Gertrude ‘Ma’ Rainey, the ‘Mother of the Blues’, had been singing the blues for some two decades before she commenced her influential series of recordings for the Paramount label in 1923. She even laid claim to naming the music ‘the blues’ after hearing the singing of a young girl in Missouri in 1902, where Rainey was performing with a tent show.

Assassinators Of The Blues

Born Gertrude Pridgett on 26 April 1886, Rainey began performing in her native Columbus, Georgia as a schoolgirl, before joining a number of travelling revues and minstrel shows, working southern theatres, circuses, carnivals and other venues. She teamed with William ‘Pa’ Rainey, whom she married in 1904, to perform as ‘Rainey and Rainey, Assassinators of the Blues’. Known for her flamboyant stage shows, jewelled attire and colourful lifestyle, she was already one of the best-known blues singers in the South when recruited by Paramount.

A Versatile Performer

Rainey helped to shape the character, style and presentation of blues in its formative years, and her role and stature in the blues genre escalated during her brief but prolific career (1923–28). Her records were noted not only for the powerful majesty of her singing, but also for the variety of outstanding accompaniment by acclaimed jazz, blues and jug-band musicians. Ma Rainey possessed an earthier, more downhome southern style than most of the early blues queens, and was effective working with bluesmen such as Tampa Red, Georgia Tom Dorsey and Blind Blake, as well as with jazz musicians. She retired in 1935 and died four years later, but her influence is evident in the work of her protégé Bessie Smith and many others. Among Rainey’s classics were the original version of ‘See See Rider’, ‘Bo-Weavil Blues’, ‘Moonshine Blues’ and ‘Ma Rainey’s Black Bottom’ (also the title of an award-winning play written in the 1990s by August Wilson, with a Rainey studio recording session as its setting).

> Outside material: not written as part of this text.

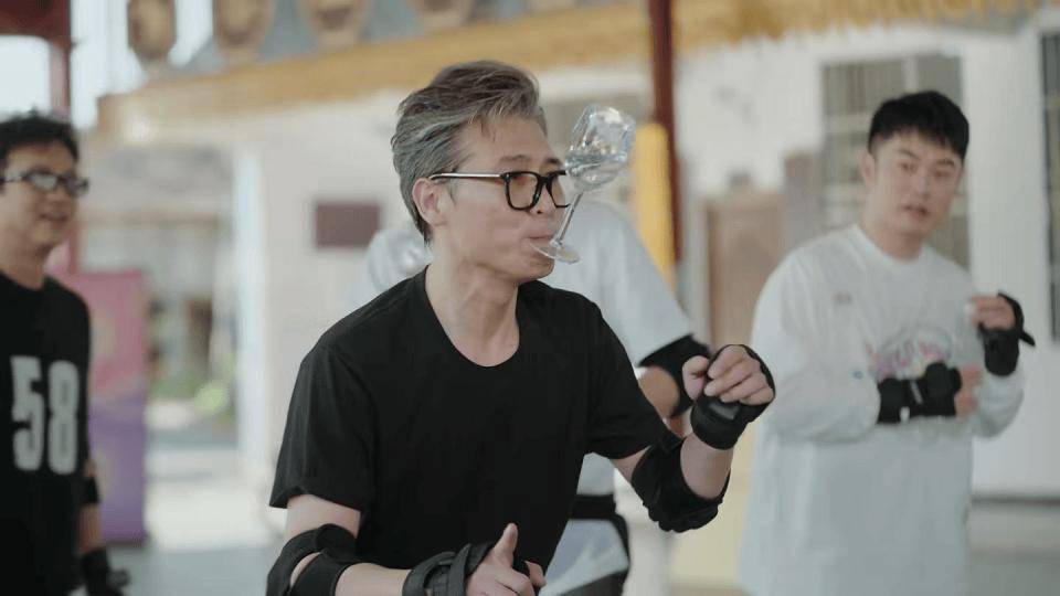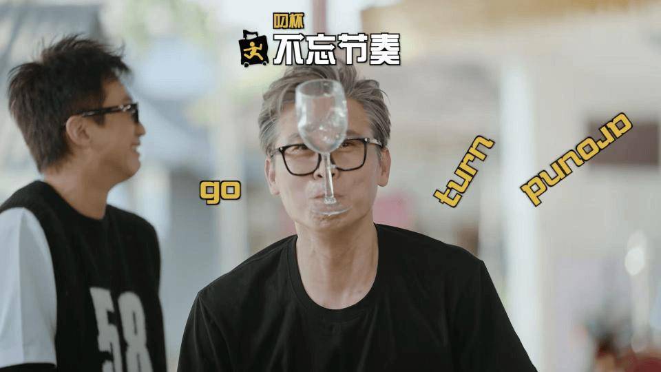 随后的旱冰鞋接水互动中,李乃文坚持执行这套行走方法论,一边小步“蹭”着前进,一边小心翼翼地传水,整体看上去笨拙得像个刚学走路的企鹅,却又有着莫名的执着和认真。

‘When she opened her mouth, she was fascinating, and she made you forget everything.’
Champion Jack Dupree

Classic Recordings

1923
Madame ‘Ma’ Rainey (with Lovie Austin and her Blues Serenaders): ‘Bo-Weavil Blues’, ‘Barrel House Blues’

1924
Ma Rainey: ‘Shave ‘Em Dry Blues’
Ma Rainey (with her Georgia Jazz Band): ‘See See Rider Blues’, ‘Toad Frog Blues’

1925–27
Ma Rainey (with her Georgia Band): ‘Blues Oh Blues’, ‘Ma Rainey’s Black Bottom’, ‘Yonder Comes The Blues’

1926–28
Ma Rainey: ‘Mountain Jack Blues’, ‘Daddy Goodbye Blues’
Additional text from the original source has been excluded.